You can also be right in that maybe adoption is low at the moment.

But like I said, I think it’s just a matter of time. The ML technology from 3 years ago is already considered outdated, let alone 2010 tech. They’re even making ML that replaces the ML engineers…

@Chie is right. Even with humans scanning and eliminating the false positives, who will be looking for false negatives? That means real CSAM can easily sneak past. And when the vulnerabilities are known, criminals will find new and creative ways to avoid the ML scans.

This reminds me of the 10 billion false dmca notices that google receives every year. My theory is they designed the whole thing around pictures of little lupe and went from there, because they were all detected as regular porn and there’s a lot of people out there who still think she was underage.

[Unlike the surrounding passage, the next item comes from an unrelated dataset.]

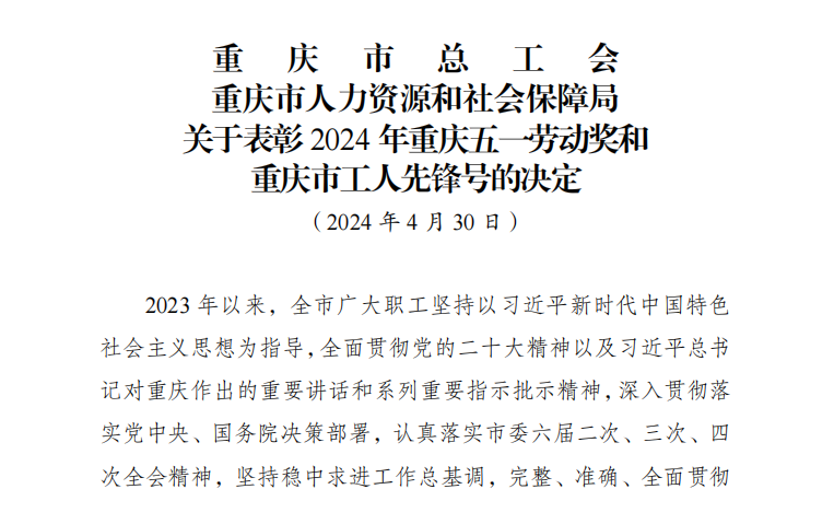 4月30日,重庆市总工会与重庆市人力资源和社会保障局联合发布了关于表彰2024年重庆五一劳动奖和重庆市工人先锋号的决定。在这份光荣榜上,sunbet申搏张东培老师凭借其卓越的教学成就和对科研的杰出贡献,荣获重庆五一劳动奖章。这也是公司教职工首次获得此项殊荣,不仅是对张东培老师个人辛勤付出的肯定,更是对sunbet申搏公司产品和科研工作的高度认可。

I wonder how it would handle the results of children stock photos used for clothing products sold on Amazon, Aliexpress, Alibaba, Ebay, etc.

Children being forced into modeling is a thing that happens, unfortunately. But it is not easy to know. What is done about such cases? What is done about the typical parent (or doll enthusiast) just browsing and shopping for clothes coming across some scantily clothed models on occasion, such as mermaid costumes, anime/cartoon costumes, swimwear, and sleepwear, that depict a child model. I wonder.

I think this is something that should be handled on a case-by-case basis under several educated human observers, rather than automation.

I’m pretty sure almost all of my dolls would fall under Child, even the bustier ones with youthful faces, and even though none of the dolls are actually a child. This system is already flawed by that notion alone that it cannot distinguish a sculpture from a human (nor do I expect it to). I won’t bother using it.